My next flatmate was also a friend of my ex-boyfriend’s, although I knew her as well. She was the sister of my exe’s best mate, who I got on really well with. This mate begged me, (and so did his mother) to let this girl stay with me; someone to look after her… I went looking for some knickers in her room one day, mine seemed to have gone missing and I found a desert-sized spoon in one of her drawers. I should add at this point that this girl was a heroin addict and my proviso on her living with me was that she didn’t use in the flat. I confronted her and she broke down, promised to never do it again etc etc. Anyone who knows an addict (I hadn’t before) will know that such a promise is worthless. At one stage she asked me if her boyfriend could move in and took some efforts to persuade me. I didn’t know him and the flat was small, so I kept saying no. Good thing I did… I got a call from the police one night; her boyfriend was actually her pimp and I was advised to stay away from him. How they knew me, or the fact that this girl was living with me and bringing her boyfriend home for visits I still to this day don’t know. But I not long after asked her to move out. I found out several years later that she died, alone, on her 21st birthday in a flat in Kings Cross from; you guessed it, a heroin overdose. Apparently the stuff she had bought was too pure and the overdosed was accidentally.

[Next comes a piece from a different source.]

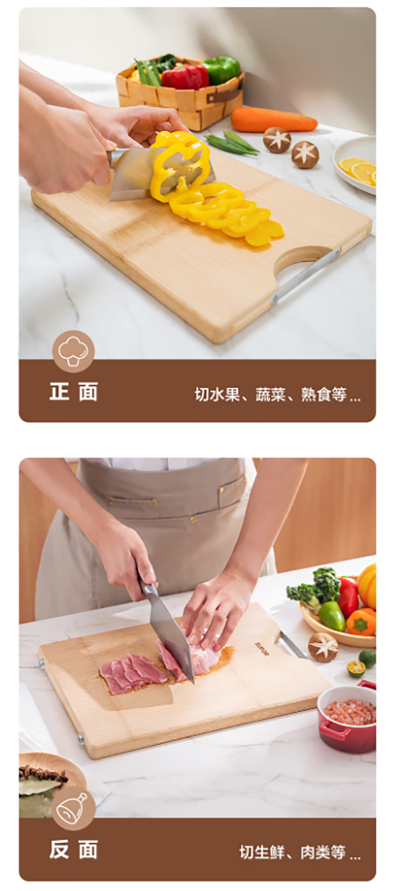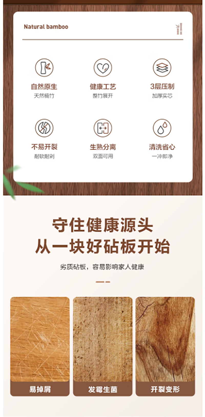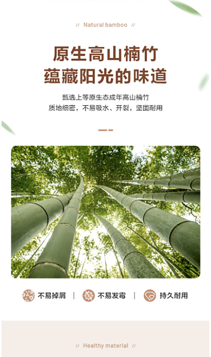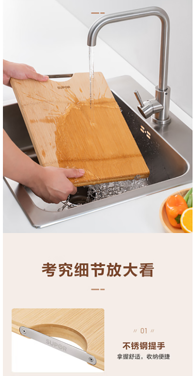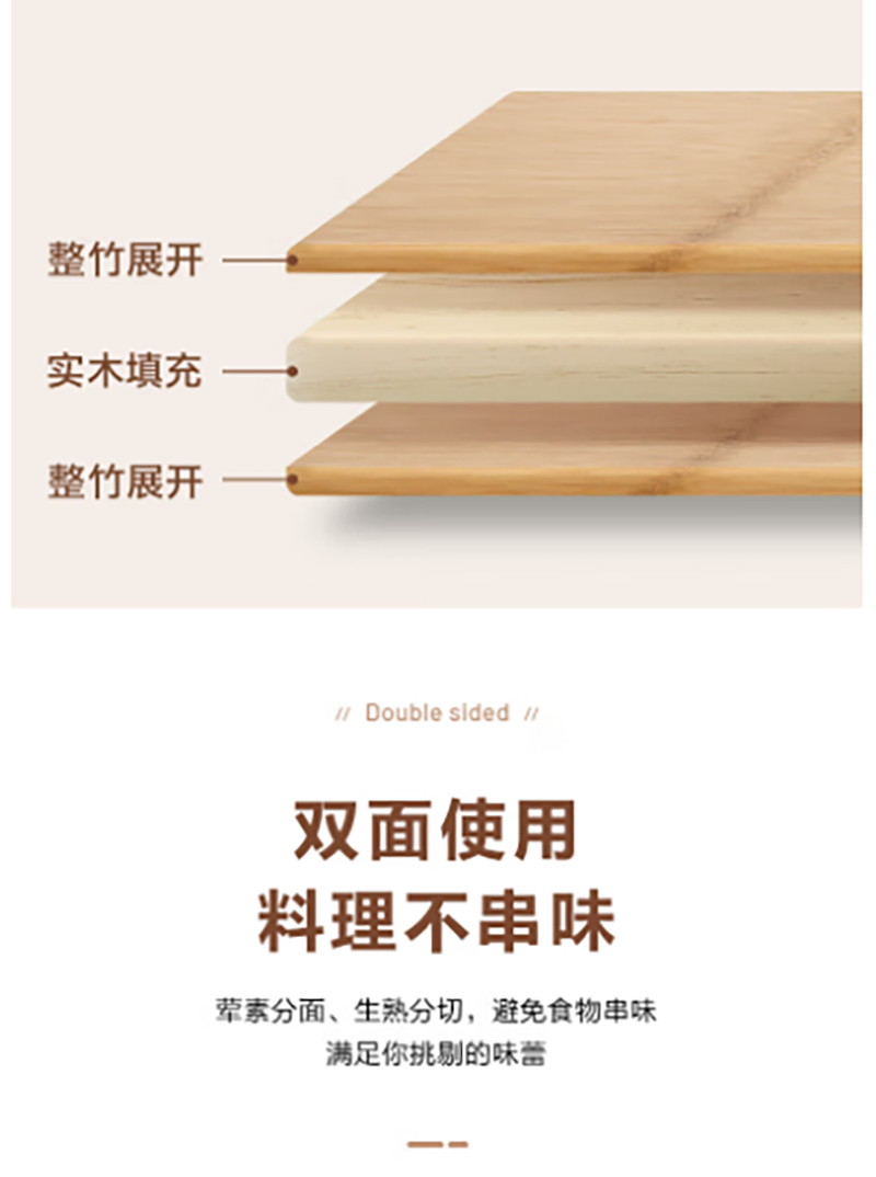 甄选上等原生态成年高山楠竹质地细密;不易吸水、开裂,坚固耐用;天然楠竹整张展开制作完整无拼接每块砧板皆为匠心之作;双面便用料理不串味荤素分面、生熟分切

My third flatmate in Lakemba, where I lived for all of a year, was someone who would move with me for years to come. The atmosphere in Lakemba in those days was pretty tense; I live 4 apartment blocks down from a public school, which was regularly burnt-out. One of the girls living in the apartments across from our driveway was a teacher there and her stories of being sworn at in Lebanese, and the treatment she received from the Lebanese boys she taught were enough to curl your hair. I used to stack shelves in the supermarket as a 2nd job and walk to the station to go to work, so I was in the main street of Lakemba quite a lot. Not a great place to be if you were blond, young slim and pretty (yes, I was once). I used to cop a lot from the men standing in shop doorways. On one occasion while in the flat I was lying in bed, reading, naked, with my cat, when a hand stuck itself through my venetian blinds (no screens but the windows key-locked open about 3 inches wide) and watched me. I couldn’t reach the light to turn it off without revealing myself, so I threw my book at the blind and yelled and screamed. I was living with the Greek guy at the time and when I later confronted him, he said that he thought I was yelling at the cat……….. So much for having a male on hand for safety!

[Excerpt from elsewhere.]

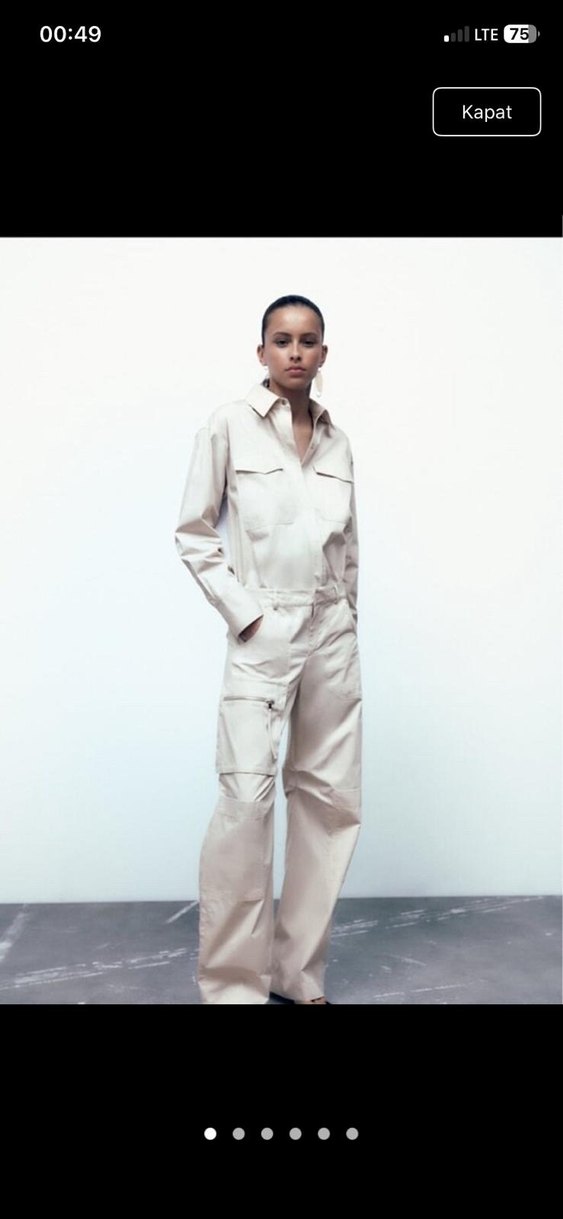 Beyaz pamuk tulum, uzun kollu ve yakalıdır. Minimalist tasarımı ve midi boyu günlük kullanıma uygundur. Rahat ve şık bir görünüm sunar.

Another eventful occurrence was when I was living alone in the flat (in-between flatmates) and I’d gotten into bed when the phone rang, it was the friends upstairs who said they’d spotted a guy lurking around my ground-floor flat. Don’t panic and keep talking like you’re still on the phone was their advice to me before they hung up and phoned the police. I hung up and called my mother, all the while talking like I knew nothing. By the time the police got there, they’d gone of course; in fact guys trying to get away from someone or something often jumped the fences between the blocks of flats down that stretch of road. I had a cat, given to me by my boyfriend, for company and during the times I was living alone she’d be my ‘guard dog’. My flat was alongside the driveway and on the other side of that was the neighbouring fence and some shrubbery, then next-door flats. She used to raise her hackles and growl, and I knew that there was someone watching me, so I could lock the door out on to the balcony and pull the blinds. I’m sure that she saved me several times during my yearlong stay in that flat.